Stewart’s Advanced Greek for Young Scholars, her oldest and dearest friend.

She smiled at the odd conceit. Her oldest Greek reference perhaps, though she had few enough friends.

She opened the cover. A neatly copied inscription covered the frontispiece.

To Lady Georgiana, with wishes for success.

Respectfully,

A. Mallet

She was seventeen when he found her lurking behind the palms in her father’s conservatory, contending with an abbreviated passage from Plato.

Andrew acted as though it was perfectly normal for a girl two years his senior to struggle alone over material he had mastered many years before.

Fear of discovery and her mother’s bile had made her very careful.

Only Andrew knew, and he never revealed her secret to her parents.

Two weeks after the encounter, an anonymous parcel arrived. It contained Stewart’s.

Andrew didn’t think like the others. She savored his suggestions.

He helped her through Pindar. He helped her through Paul.

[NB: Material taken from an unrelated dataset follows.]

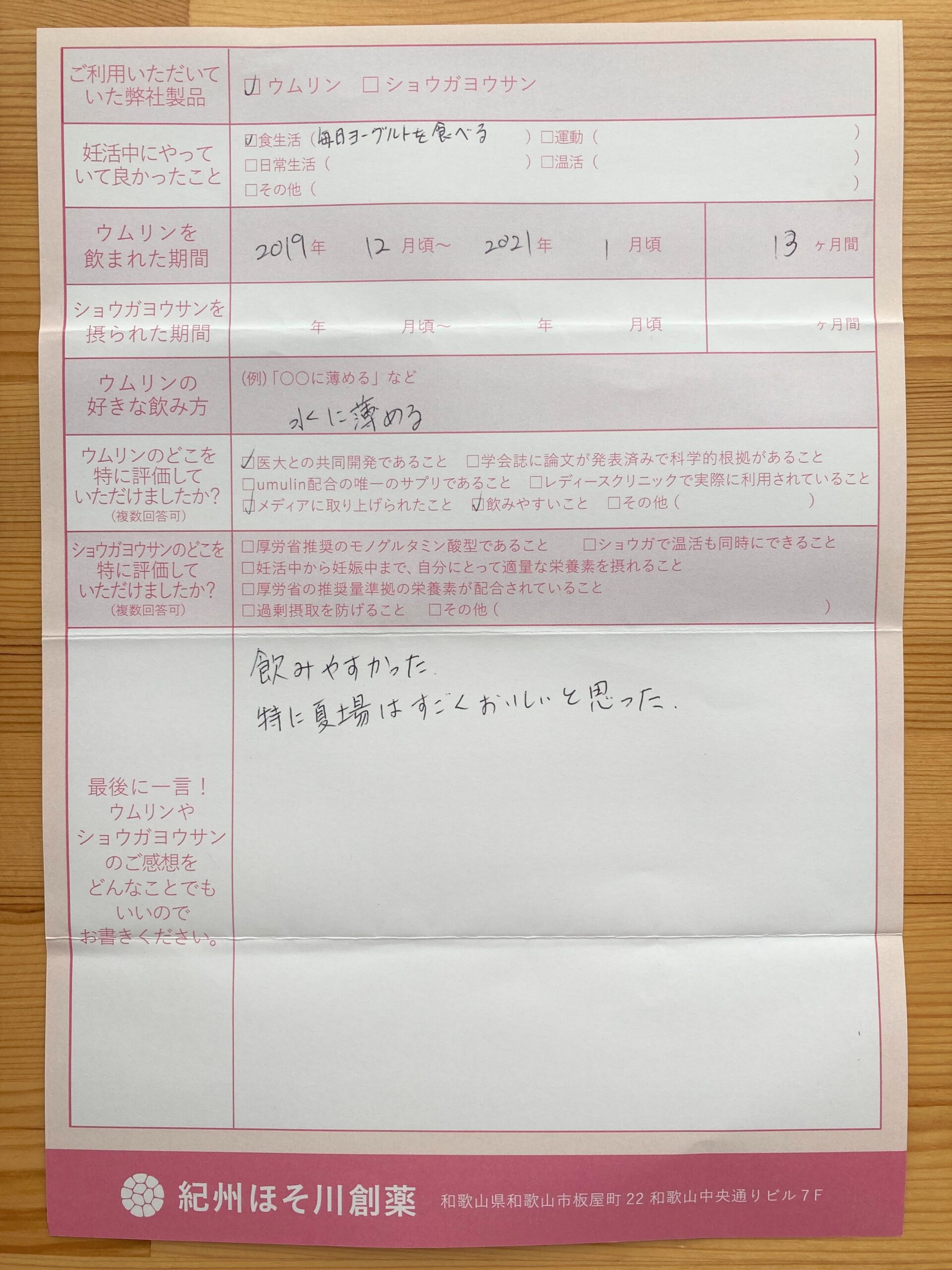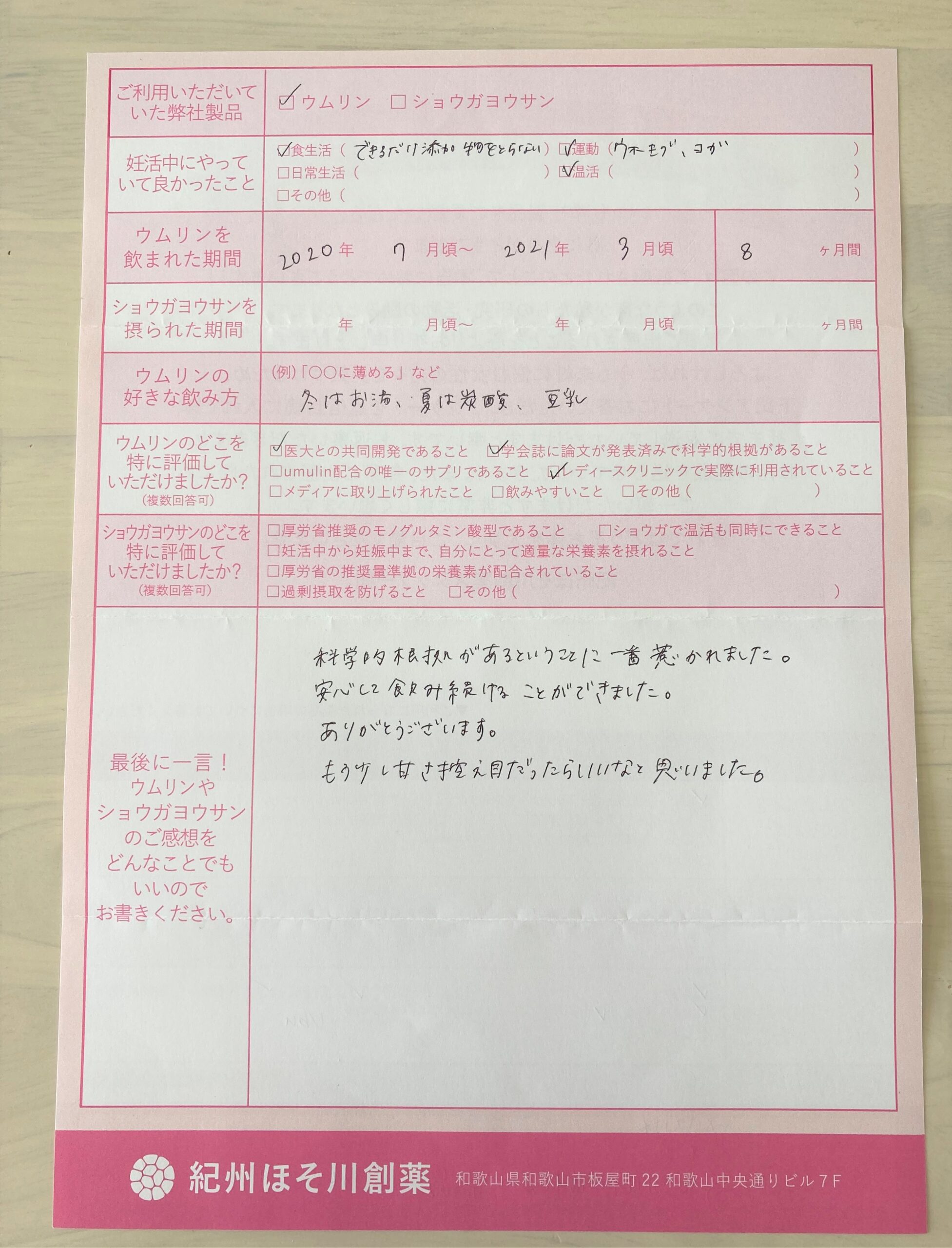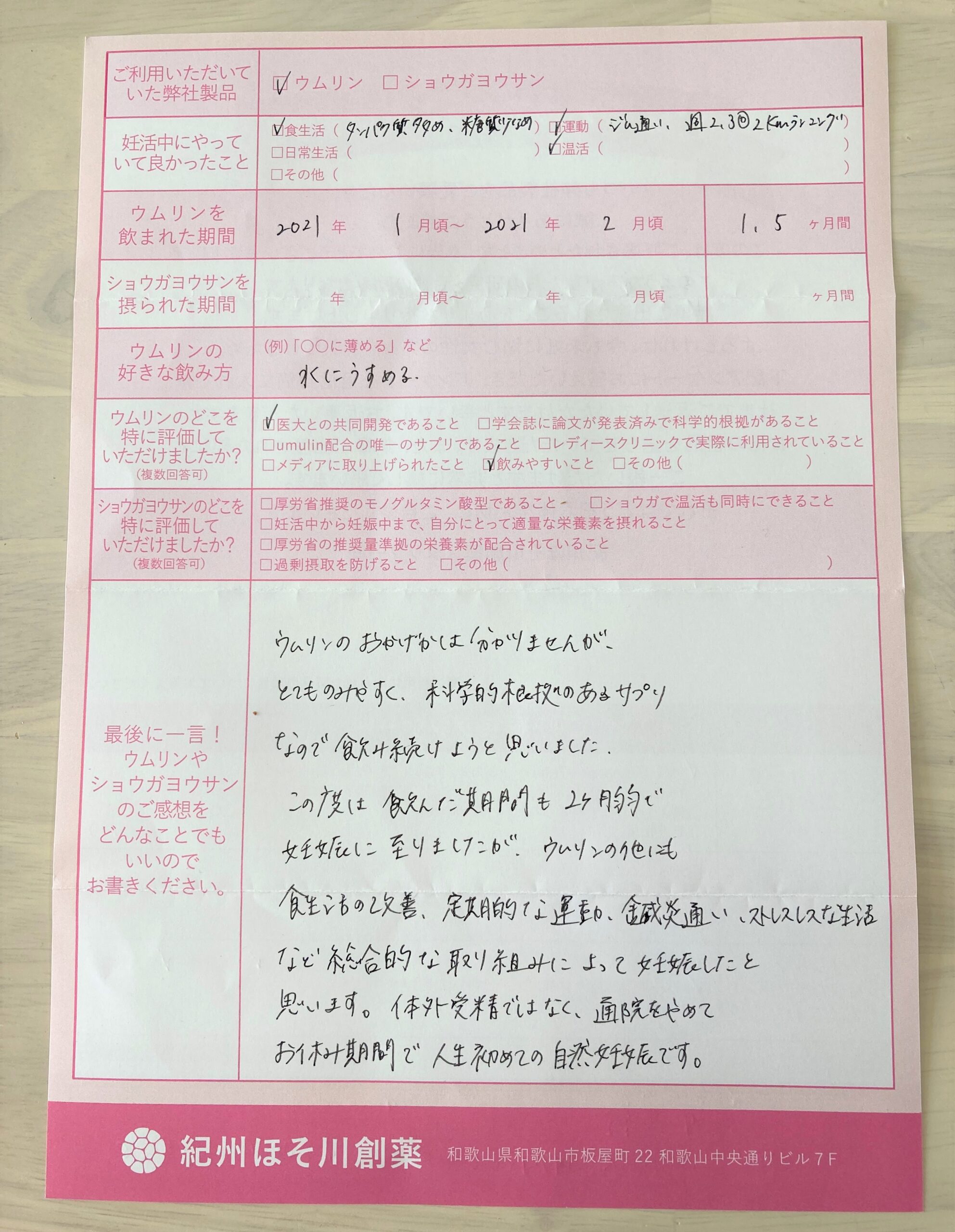 ウムリンのおかげかは分かりませんが、とてものみやすく、科学的根拠のあるサプリなので飲み続けようと思いました。 この度は飲んだ期間も2ヶ月弱で妊娠に至りましたが、ウムリンの他にも食生活の改善、定期的な運動、鍼灸通い、ストレスレスな生活など総合的な取り組みによって妊娠したと思います。体外受精ではなく、通院をやめてお休み期間で人生初めての自然妊娠です。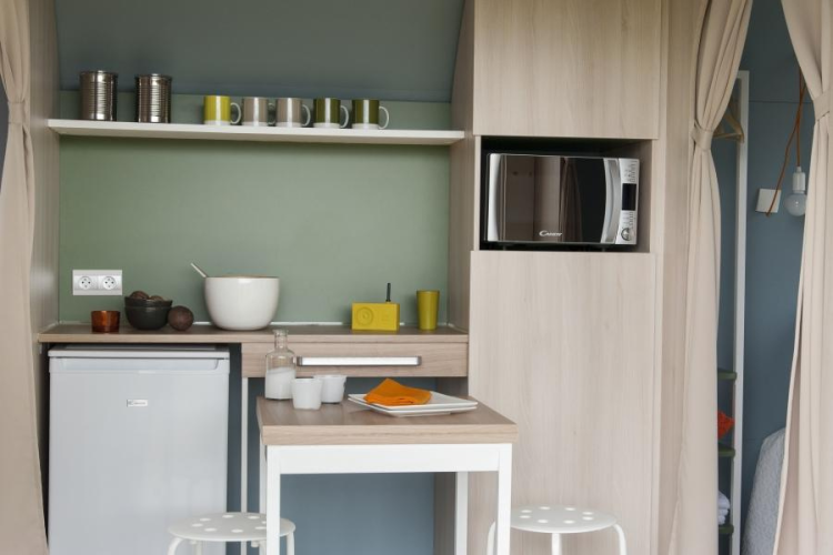 Experimenta la verdadera vida al aire libre en una tienda original con la comodidad del hogar. La Coco Sweet es adecuada para 2 personas y ofrece una terraza privada y cubierta para relajarse al aire libre. En el interior encontrarás una cocina equipada con una tabla sobre el frigorífico, un dormitorio y una sala de estar separada con sofá cama. Gracias a su diseño inteligente y materiales naturales como madera de coco y lona, esta tienda se siente cálida y contemporánea. Disfruta de wifi gratuito, tranquilidad y naturaleza, sin renunciar a la comodidad.

He told her she did “amazing work.” She refused to believe that life had changed him, no matter what passed between them in the end.

A glimmer of hope sparked back to life in her. She rose abruptly.

“Call for the carriage, Eunice. We’re going into Cambridge.”

The placid face didn’t alter. Eunice seemed quite used to her mistress’s sudden odd starts. “Yes, my lady. Shall I bring a basket for goods? Are we going to the bookstore?”

“Yes, bring it, but we probably won’t need it. Fetch my parasol. Once we get there, we’re going for a walk.”

Andrew Holden may not want to further our acquaintance, but he will. Oh yes, he most certainly will.